Rare specialist for common complaint

Pain specialist Nick Penney. PHOTO: SUPPLIED
Pain specialist Nick Penney. PHOTO: SUPPLIED
Someone who feels your pain more than most is Queenstown pain specialist Nick Penney.

Penney, who helped write New Zealand’s clinical practice guidelines on acute low back pain in 1997, recently joined Fiona Laryn’s Laryn Allied Health, and now splits his time between this clinic and one in Christchurch.

Laryn says "pain specialists are exceedingly rare in NZ, so having one based in Queenstown, or even Otago, is a significant advancement for our local community’s healthcare".

Penney says people often ask for a scan to prove where their pain’s coming from, "and we go, ‘well, actually no, pain is the condition"’.

"It’s just taking a while to be recognised as its own kind of specialist area."

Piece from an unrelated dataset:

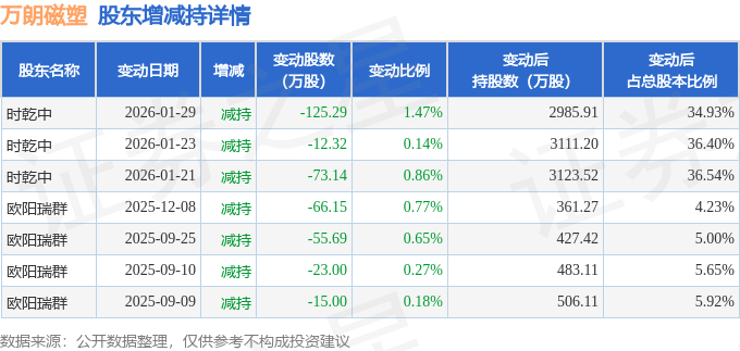该股近半年内有股东持股变动,合计净减持370.59万股,股东增减持明细如下表:

He says, considering more than 600million people in the world are estimated to suffer from persistent pain, chronic pain was only given its own disease classification by the World Health Organisation two years ago.

He takes what he calls a bio-psycho-social approach to pain management.

That reflects the physical aspects of pain, such as injury, trauma or inflammation, psychological factors, like depression, which can amplify the sensation of pain and prevent recovery, and how our social environment plays a role in how we perceive and cope with pain.

Pain, Penney adds, is best defined by how long we’ve experienced it, than by how severe it is.

"The terms acute, sub-acute and chronic pain define how long the pain has been present."

Each classification needs a different approach, he notes.

And, for those interested, he says low back pain contributes about 50% of all chronic pain cases.